Too mortified to meet Mai’s gaze, Kristin sat up, righted her bra and buttoned her shirt. Because she didn’t know what to say, she was silent.
Mai busied herself laying out the tiny bowls in which tea was served, along with the small sweet cakes she knew Kristin loved. “Weather is hot. Perhaps Miss Kristin like to bathe in swimming pool,” she said, pretending nothing out of the ordinary had happened.
Kristin felt sick. Something was wrong with Jascha—terribly wrong. In all the years she’d known him, he’d never mistreated her in any way, though she had to admit he’d been damnably arrogant on occasion.
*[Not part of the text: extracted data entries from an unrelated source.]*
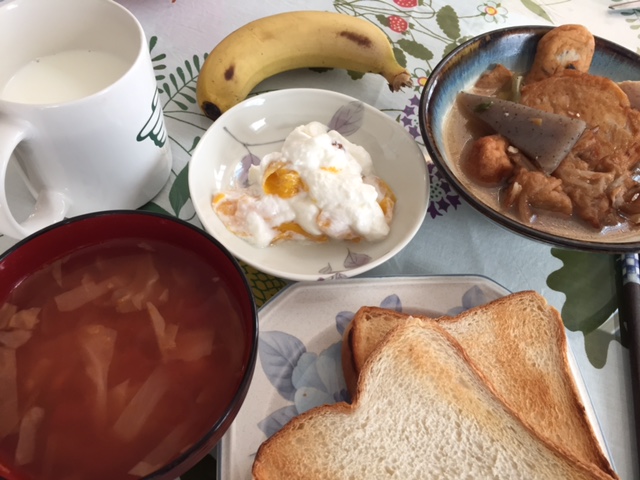今日の朝ごはんは久しぶりのパンにミネストローネにドライフルーツ漬け込みヨーグルトにバナナと牛乳に、おでんでした。おでん?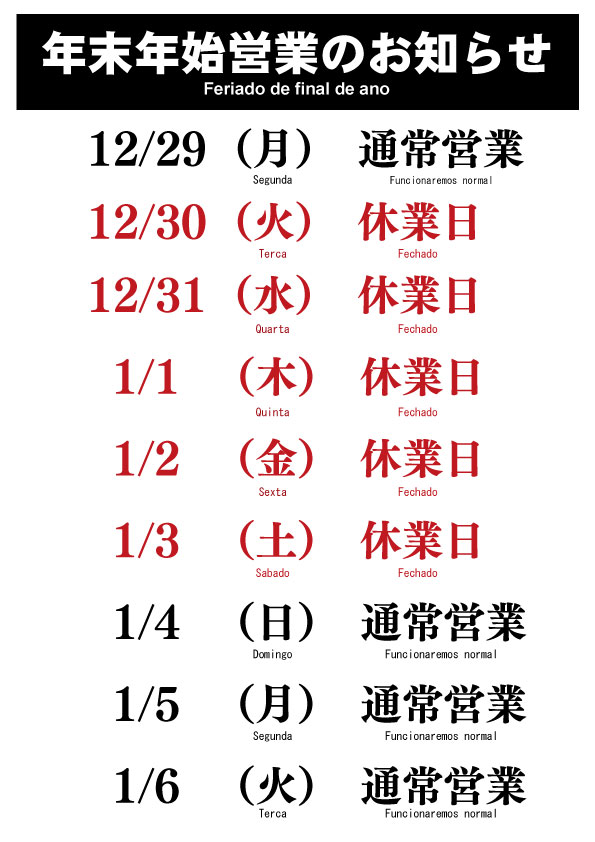 For inquiries during the holidays, we will respond in order once we reopen.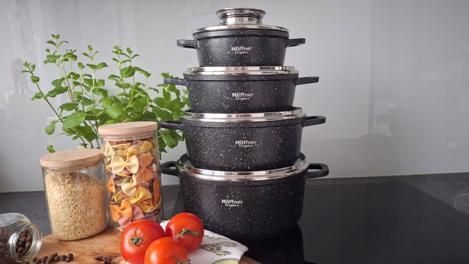 Не чекайте! Hoffner 7835 - це ідеальне поєднання зручності, стилю та довговічності. Поліпшіть свою кухню та насолоджуйтесь приготуванням їжі на найвищому рівні. Замовте зараз і дізнайтеся, скільки переваг приносить цей унікальний набір горщиків!

Yet only moments before, he’d been bent on raping her. Ignoring the tea, she made for the telephone at her bedside.
“I’m in no mood to swim,” she muttered, while silently cursing herself for every kind of romantic fool. She should have seen this coming. She should have known she’d only been trying to revive her old feelings for Jascha because she couldn’t bear the pain of grieving for Zachary. “I want to call my father.”
“Line’s cut,” Mai said succinctly.
Kristin felt the color drain out of her face as she lifted the ornate receiver and put it to her ear. Sure enough, there was no dial tone, only an ominous silence.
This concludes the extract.